$\textbf{Problem}$ Let $\Omega$ be an open, bounded and connected subset of $\mathbb{R}^n$. Suppose that $\partial \Omega$ is $C^{\infty}$. Consider an eigenvalue problem
\begin{align*}
\begin{cases}
-\Delta u=\lambda u & \textrm{ in } \; \Omega \\
\frac{\partial u}{\partial \nu}=-u & \textrm{ on } \partial \Omega
\end{cases}
\end{align*}
Define a bilinear operater $(\cdot,\cdot)_{H^1}$ by
\begin{align*}
(u,v)_{H^1}:=\int_{\Omega} \nabla u \cdot \nabla v \;dx + \int_{\partial \Omega} uv \; d\sigma
\end{align*}
Show that there exists a constant $\theta>0$ independent of $u,v$ such that
\begin{align*}
(u,u)_{H^1} \geq \theta \Vert u \Vert _{H^1(\Omega)}^2
\end{align*}
$\textbf{Attempt}$
\begin{align*}
(u,u)_{H^1}&=\int_{\Omega} \nabla u \cdot \nabla u \;dx + \int_{\partial \Omega} u^2 \; d\sigma \\
&=\int_{\Omega} \nabla \cdot(u\nabla u)-u\Delta u \; dx +\int_{\partial \Omega} u^2 \; d\sigma \\
&=\int_{\partial \Omega} u \frac{\partial u}{\partial \nu} \; d\sigma +\int_{\Omega} \lambda u^2 dx +\int_{\partial \Omega} u^2 \; d\sigma \\
&=-\int_{\partial \Omega} u^2 \; d\sigma +\int_{\Omega} \lambda u^2 dx +\int_{\partial \Omega} u^2 \; d\sigma\\
&=\lambda \Vert u \Vert _{L^2(\Omega)}^2
\end{align*}
I don't know how to get $\lambda \Vert u \Vert_{L^2(\Omega)}^2 \geq \theta \Vert u \Vert_{H^1(\Omega)}^2$…
Any help is appreciated..
Thank you!
Best Answer
Here is a standard proof by contradiction. Assume that the inequality does not hold. Then for all $n$ there is $u_n\in H^1(\Omega)$ such that $$ \|\nabla u_n\|_{L^2(\Omega)}^2 + \|u_n\|_{L^2(\partial\Omega)}^2 < n \|u_n\|_{H^1(\Omega)}^2. $$ This implies $u_n\ne0$, and we can assume w.l.o.g. $\|u_n\|_{H^1(\Omega)}=1$. Then $\nabla u_n\to0$ in $L^2(\Omega)$ and $u\to0$ in $L^2(\partial\Omega)$ follows immediately.

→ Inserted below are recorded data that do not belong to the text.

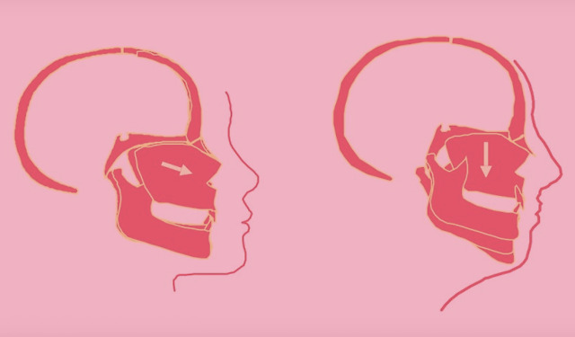 正常状态下,我们应该将舌头整片贴着上颚。但现代人常让舌头不自觉的摆放在口腔下侧。这会影响到口腔周肌肉、牙齿等发展,脸渐渐处于内凹状态,就容易出现双下巴、戽斗、龅牙等状况。
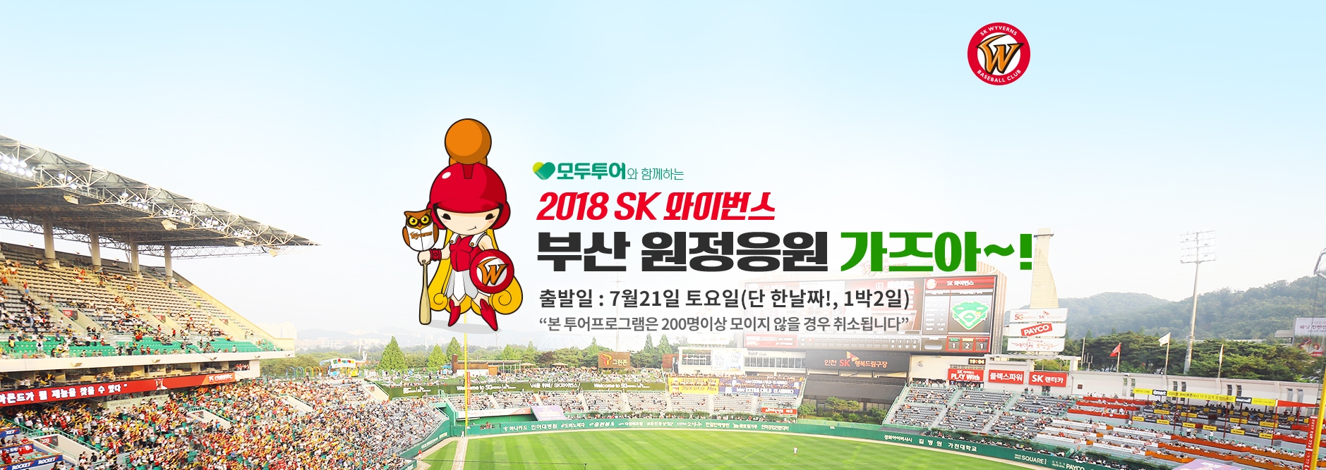 이런 프로야구 인기에 발맞춰 (주)모두투어네트워크(사장 한옥민, 이하 모두투어)가 SK 와이번즈의 부산 원정 경기 관람과 국내 주요 관광지를 함께 둘러 볼 수 있는 이색 여행을 내놓아 화제다.
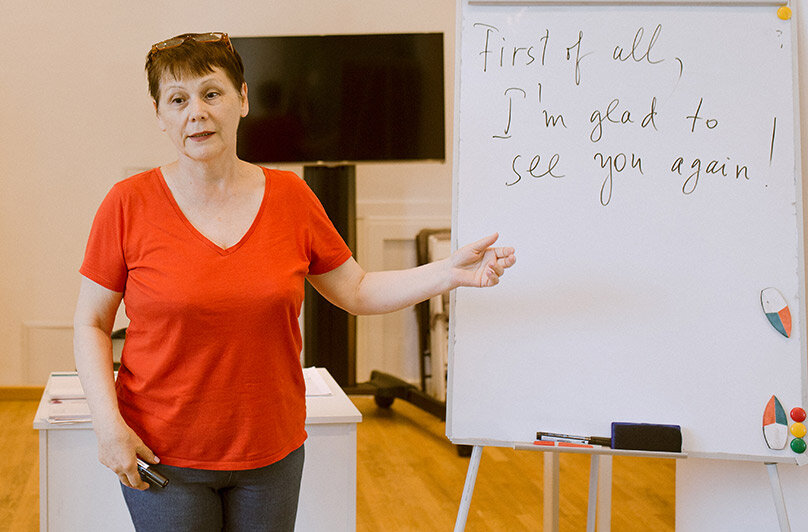 — Я специально искала курсы: в августе полечу в Америку, дочь будет учиться там, еду с ней, она знает язык, а я нет, и мне надо будет там как-то общаться. Специально обратилась за курсами английского в наше отделение соцзащиты района Якиманка. И мне сказали, что вот здесь будет проходить английский язык с нуля, как раз мой уровень. Это замечательный проект: позволяет и мозги потренировать в нашем элегантном возрасте, и вообще очень приятно почувствовать себя опять студентом.
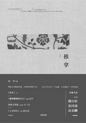 陈枰即是电视剧《推拿》的编剧。今年7月,西苑出版社出版了她的电视剧剧本《推拿》,全书分上下两册,四十余万字,其电子版图书也在各个电子图书平台陆续上线。

Since $(u_n)$ is bounded in $H^1$, after extracting a subsequence (denoted the same for simplicity), we have $u_n\rightharpoonup u$ in $H^1(\Omega)$. Then $\nabla u=0$, and $u$ is a constant. Since $\|u\|_{L^2(\partial\Omega)}=0$, it follows $u=0$. By compact embedding, $u_n\to0$ in $L^2(\Omega)$. This implies $u\to0$ strongly in $H^1(\Omega)$, which is a contradiction to $\|u_n\|_{H^1}=1$.